What is Edge AI and How Does It Create a New Paradigm
Artificial intelligence and machine learning (AI/ML) have been around for a while now. Without knowing the intricacies, people still understand that it has powerful uses, such as analyzing data, understanding pictures, or chatting with Siri. The edge is a much newer concept, which I first heard of with the development of 5G.
The edge is data processing with round trip servicing under 20 milliseconds. What does this actually mean? A more practical definition is self-explanatory. The edge is literally the closest point you can put your processing to where you need the result. This leaves a broader concept of edge. If your processing must be done in the cloud, then your edge is simply the closest/fastest servers. If your processing can be done locally, then your edge should be your local processor (smartphone?).

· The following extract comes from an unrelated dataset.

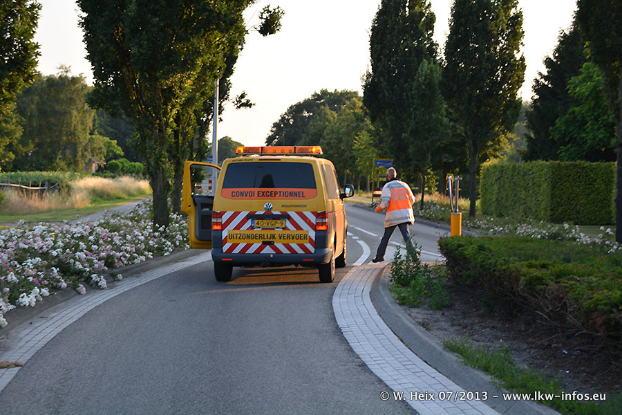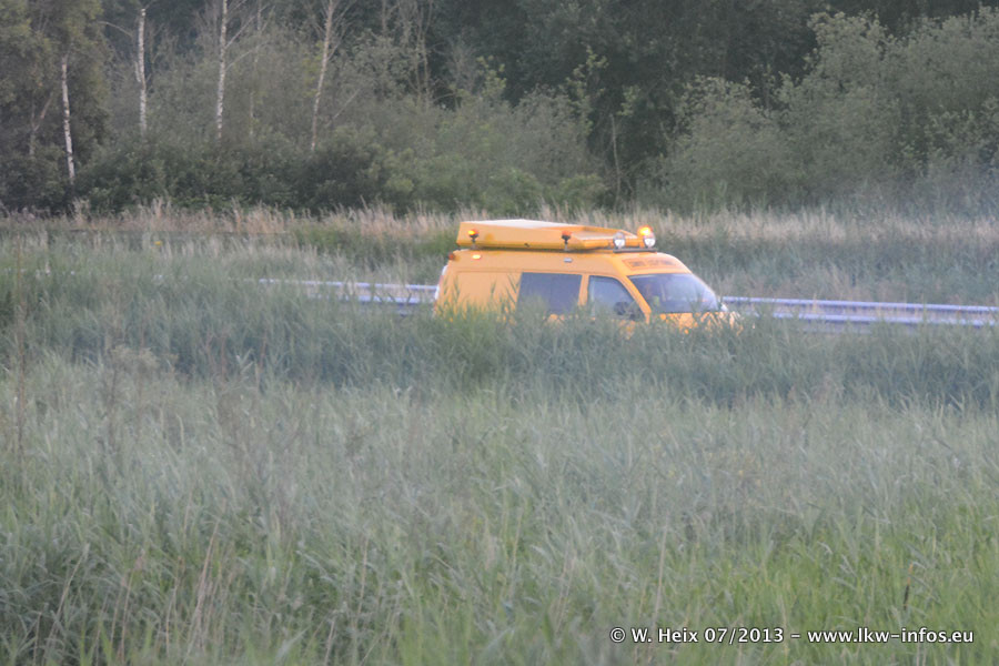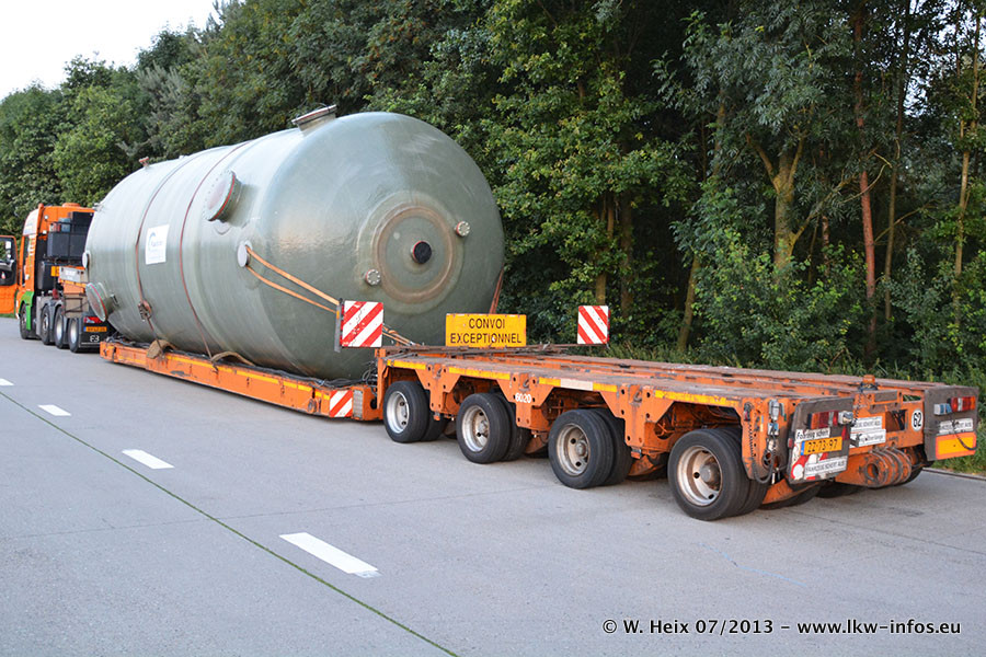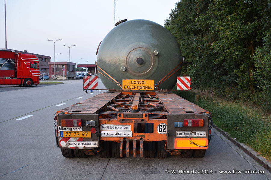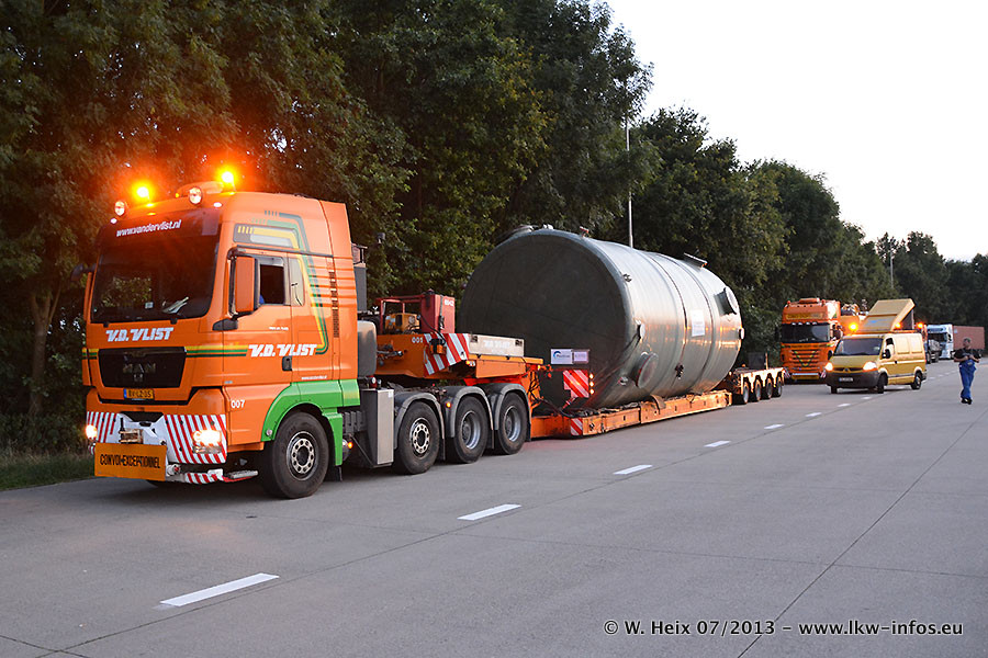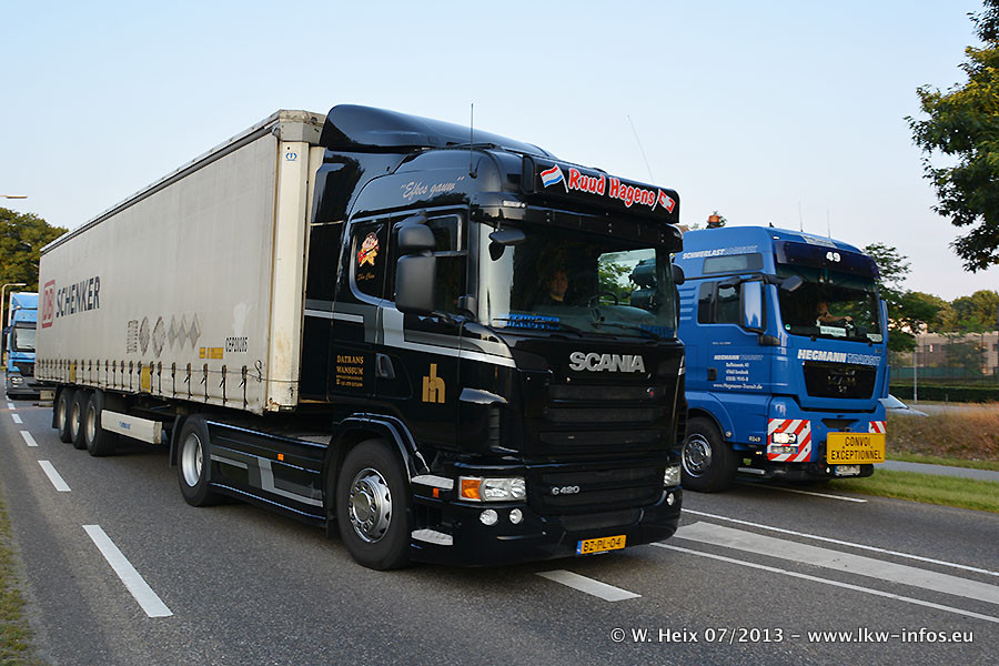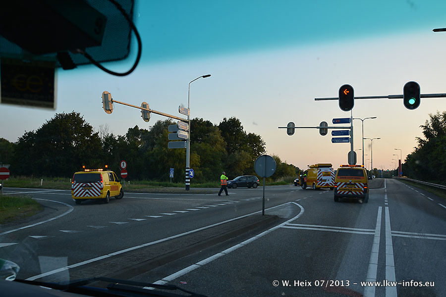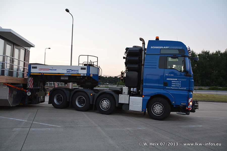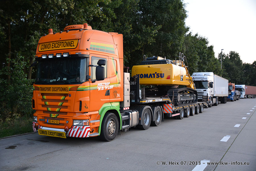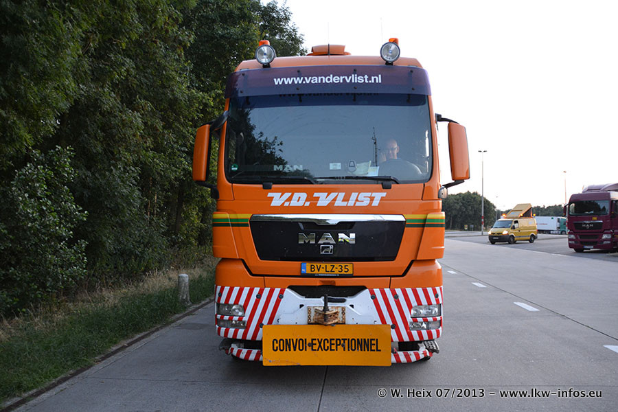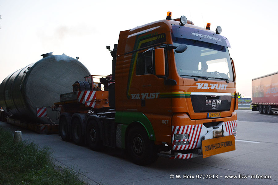 Am 15.07.2013 hatte die Firma Hegmann Transit aus Sonsbeck den Auftrag, ein 6,10 m breites und 13,0 m langes voll eingerichtetes Hausboot vom Hersteller im niederländischen Wanssum (zwischen Venlo und Nijmegen gelegen) zum Freizeitpark "Xantener Nordsee" im niederrheinischen Xanten-Wardt zu transportieren. Der Transport startet gegen 20:00 Uhr und führte zunächst mit zwei und später vier niederländischen Begleitern durch den Ort Wanssum und dann ca. 10 km über Nationalstraße bis zur A73. Diese Etappe war auch das interessanteste Stück mit einigen engen Verkehrsinseln und zwei Kreisverkehren, die einmal rechts und einmal links im Gegenverkehr durchfahren wurden. Dann ging es über die Autobahnen A73 und A77 bis zum Grenzübergang Goch Autobahn auf der A57. Dort blieb der Transport für eine gute Stunde stehen bis die deutsche Polizeibegleitung vor Ort war. Die Fahrt führte dann über die A57 bis zur Anschlussstelle Alpen. Dort wechselte dann die Polizeibegleitung und die Fahrt ging weiter über die B58 bis Alpen und dann über die B57 vorbei an Xanten bis zum Ortsteil Wardt.
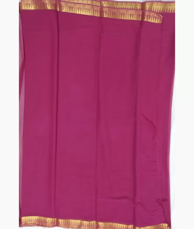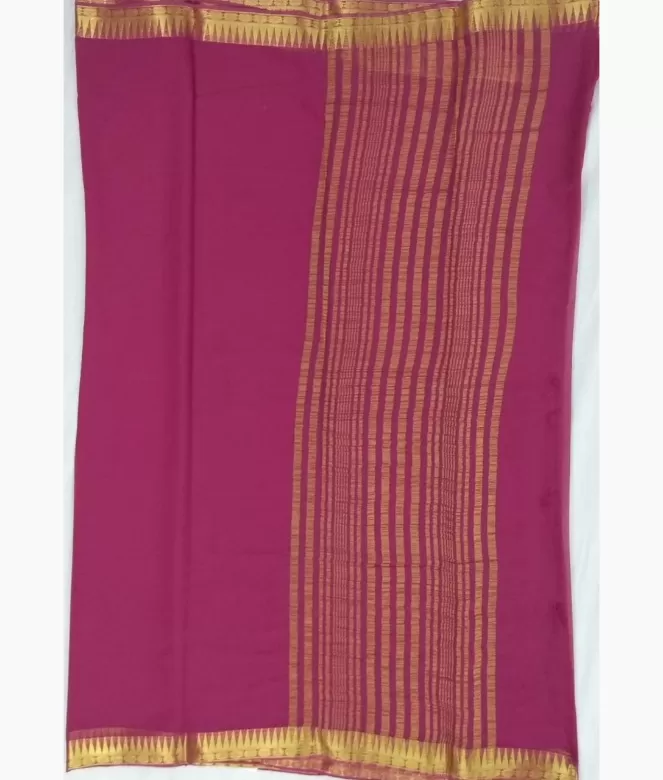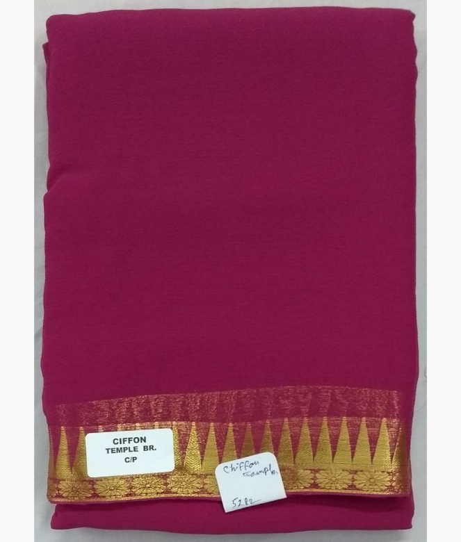 All over plain border pallu design saree. Plain chiffon saree with golden colour strips design on pallu.

But what do you get when you marry the AI and edge concepts? At one point of time, AI algorithms became practical to implement in the cloud, running on powerful server racks. Since AI was too complex for local devices, the cloud AI was also the edge AI. This is no longer true. Powerhouses such as #arm and #NVIDIA have been making massive breakthroughs in optimizing AI performance. Startup #Hailo has developed their own AI processor. #STM has even put ML cores on individual sensors. AI can now run on embedded processors, sensors, internet gateways, security cameras, etc. The new edge AI is essentially anywhere.
Believe it or not, this new reality is a great thing. Since data is generated and processed locally, the edge AI device does not need to be connected to the internet. This means you can have smart devices that protect your privacy. You can have security systems that cannot be taken down by cutting the internet. AI analytics in remote areas? Got it. Edge enables AI to be anywhere it is useful, when it is useful.